Required action ->
Return the listing in full and exactly, but without a single picture.

Data excerpt ->

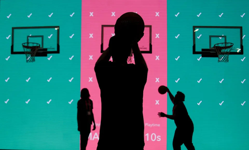 Matthew Valich of Los Angeles plays a game Saturday, April 4, 2026, during the 2026 NCAA Men’s Final Four Fan Fest at the Indiana Convention Center in Indianapolis.
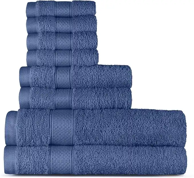 Welhome 100% Cotton Towel (Cobalt)- Set of 8 - Quick Dry - Absorbent - Soft - Ideal for Daily Use - 434 GSM - Machine Washable - 2 Bath - 2 Hand - 4 Wash Towels — Price History & Tracker | DeserTracker
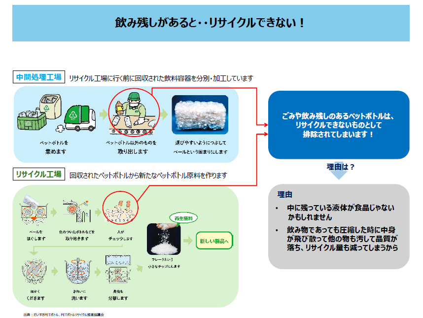 内容物が入った状態でペットボトルを捨てると、そのペットボトルはリサイクルできなくなってしまいます。
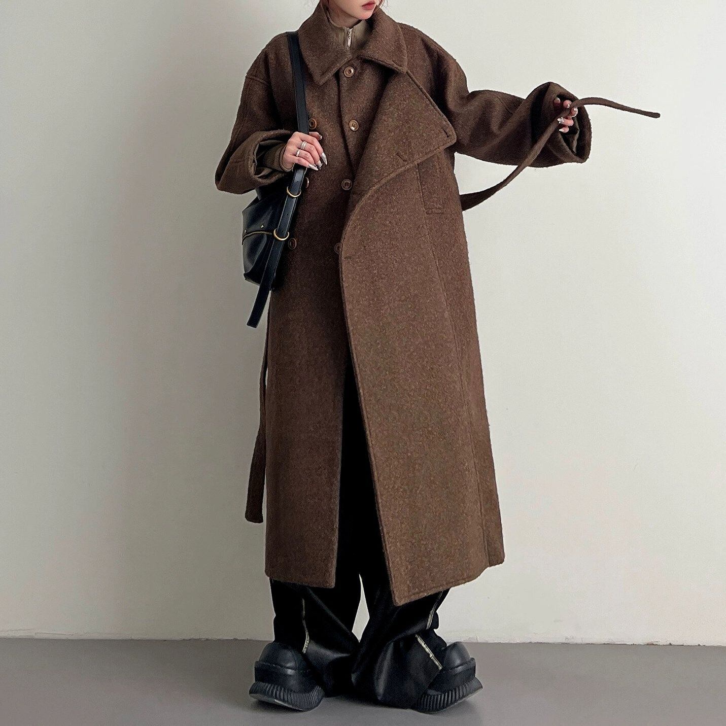 BROWN LONG DESIGN WOOL COAT 1color M-15048

Answer for this exercise ->
 Matthew Valich of Los Angeles plays a game Saturday, April 4, 2026, during the 2026 NCAA Men’s Final Four Fan Fest at the Indiana Convention Center in Indianapolis.
 Welhome 100% Cotton Towel (Cobalt)- Set of 8 - Quick Dry - Absorbent - Soft - Ideal for Daily Use - 434 GSM - Machine Washable - 2 Bath - 2 Hand - 4 Wash Towels — Price History & Tracker | DeserTracker
 内容物が入った状態でペットボトルを捨てると、そのペットボトルはリサイクルできなくなってしまいます。
 BROWN LONG DESIGN WOOL COAT 1color M-15048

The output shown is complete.